Pinkie twitched. She twitched again. “…la la laaa…” she sang to herself, weakly.

“Did you see what did this, Pinkie?” asked Rainbow Dash. Then, she cringed back, for that grin kept getting more disturbing.

“Maybe!” said Pinkie Pie brightly, and she began to bounce off in her carefree way.

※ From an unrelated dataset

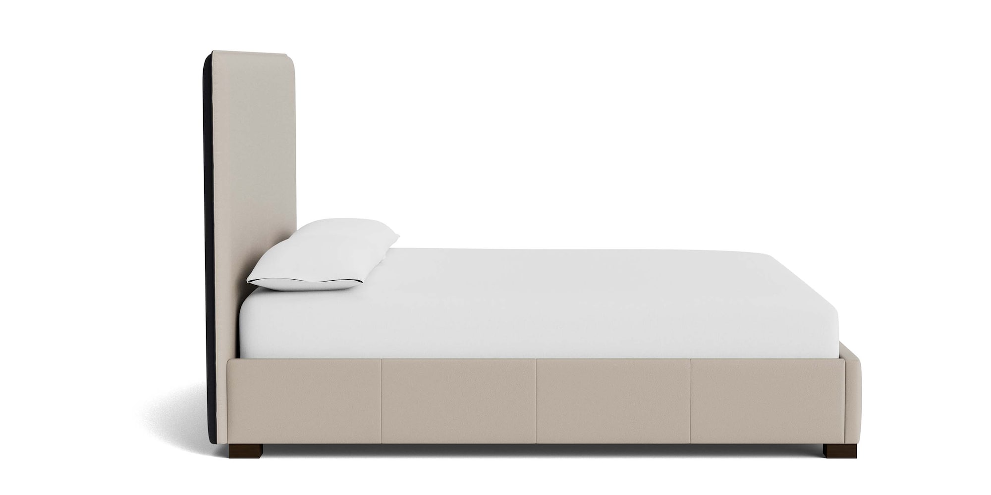 Wrap your Madison Platform Bed in luxurious leather and let your nights take flight on modern wings of fancy. The bed’s modest scale adapts to almost any size bedroom and is available in Full, Queen, King, and Cal King. The flange welt on the side and top edges of the headboard adds subtle dimensionality and detail, especially when dressed in your choice of a fine Bassett leather. The low, sleek lines of the platform frame are not only an aesthetic statement but provide a sturdy support for your mattress of choice, with no box spring or separate foundation needed.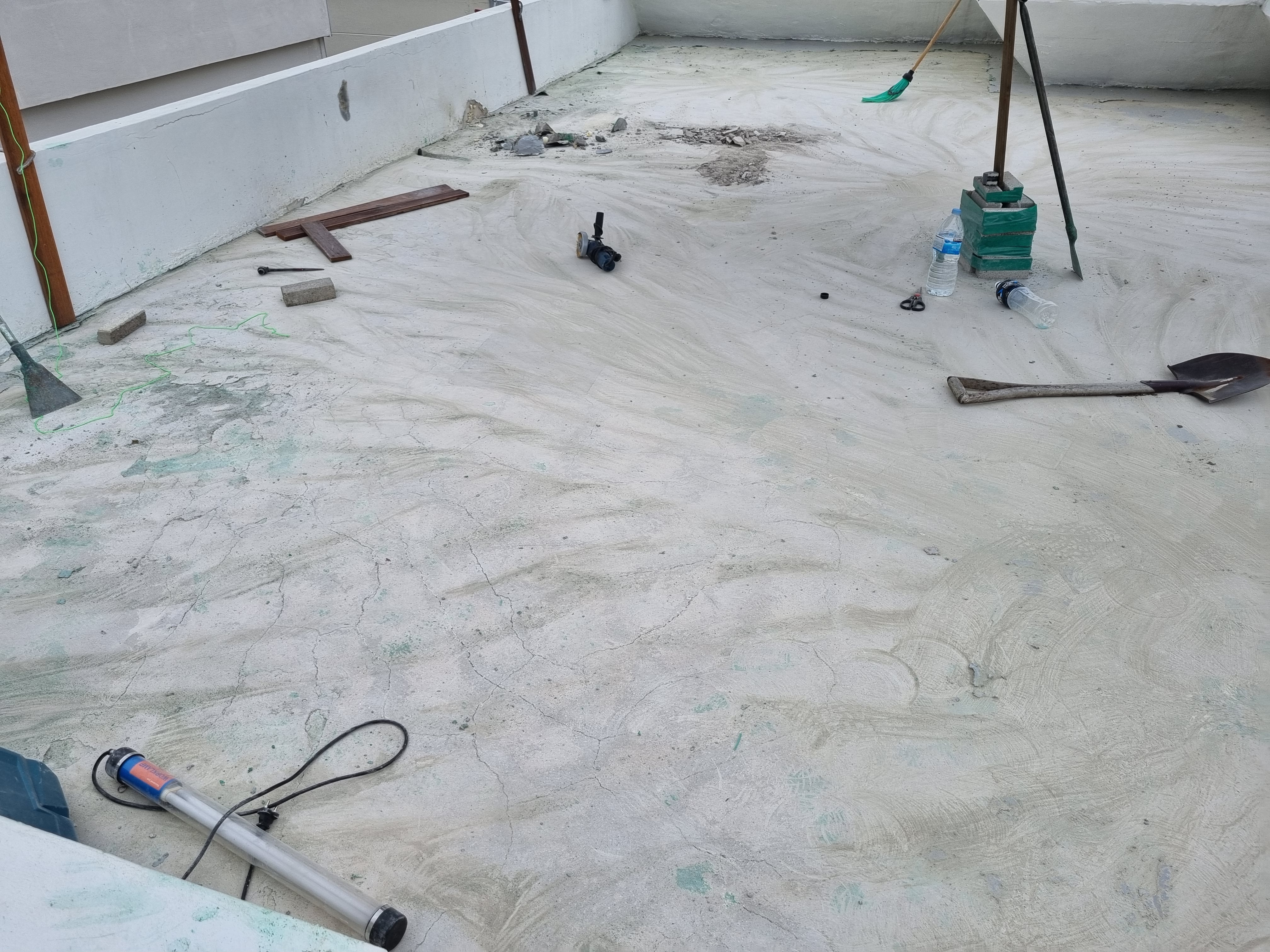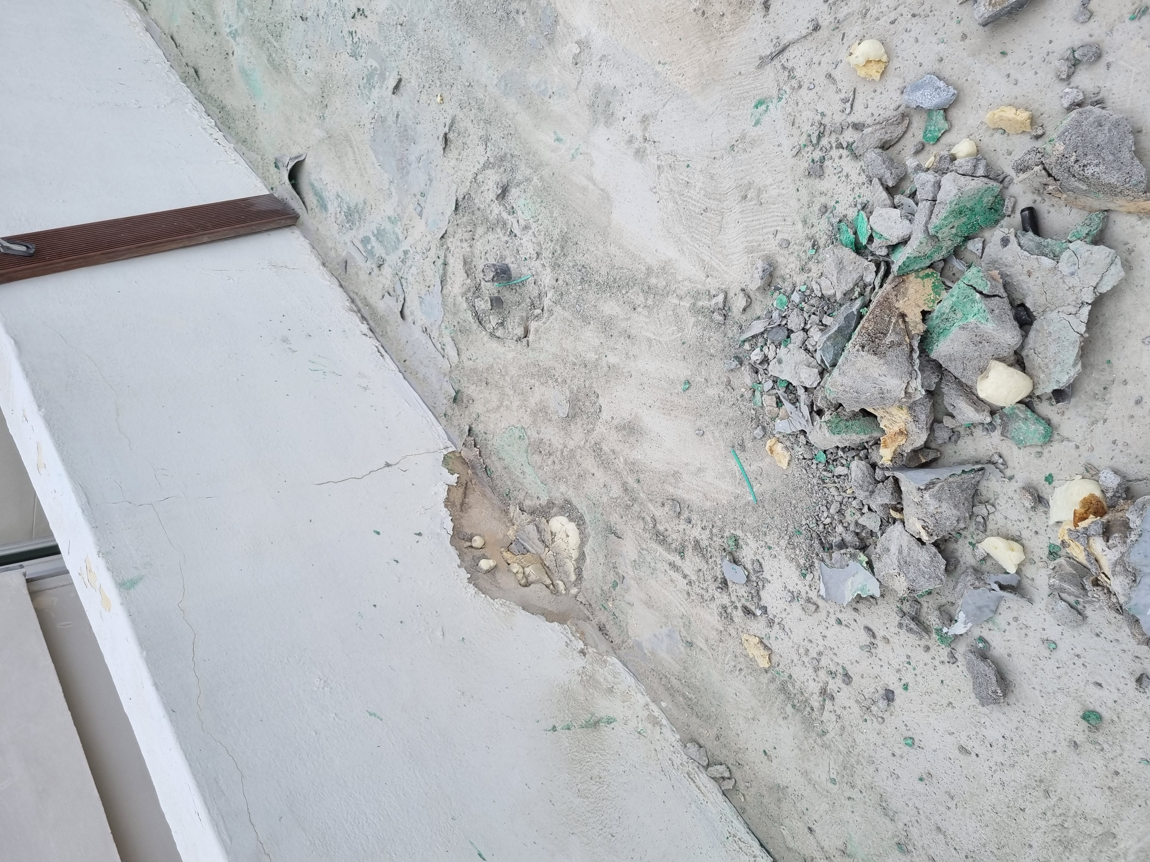 1. "몰탈을 부어놓고 그냥 작업을 끝낸것 같은 곳도 있고 바닥아래로 배관을 심어놓고 그냥 몰탈로 메워져 있었고 측면 배수구도 우레탄폼 같은것으로 막고 위에 몰탈로 도톰하게 올려져 있어 다 부셔놓은 상태인 곳"은 어느정도 정리를 하고 무수축 몰탈로 바탕면을 잡는다. "바닥과 제대로 붙어있지 않은거 같고 (갈라지고 두드려보면 떨어져있는 소리가 납니다) "이곳은 레인타이트방수 작업전날 우레탄실란트로 보수하는 방법

Rainbow whimpered. She felt Spy cowering against her. As much as Northern Spy liked how freaky her fellow superhero was, she still was only a small filly and her nerves could only take so much.

“Pinkie!” yelled Rainbow, watching her recede. “Go home to Rock!”

“Nope!” called Pinkie, and continued to bounce away cheerfully. Rainbow watched her go, then heard hoofbeats approaching from behind. She whirled.

Apple Bloom, Applejack, and Hina the Kirin galloped up, looking grim. “Who screamed?” demanded Applejack.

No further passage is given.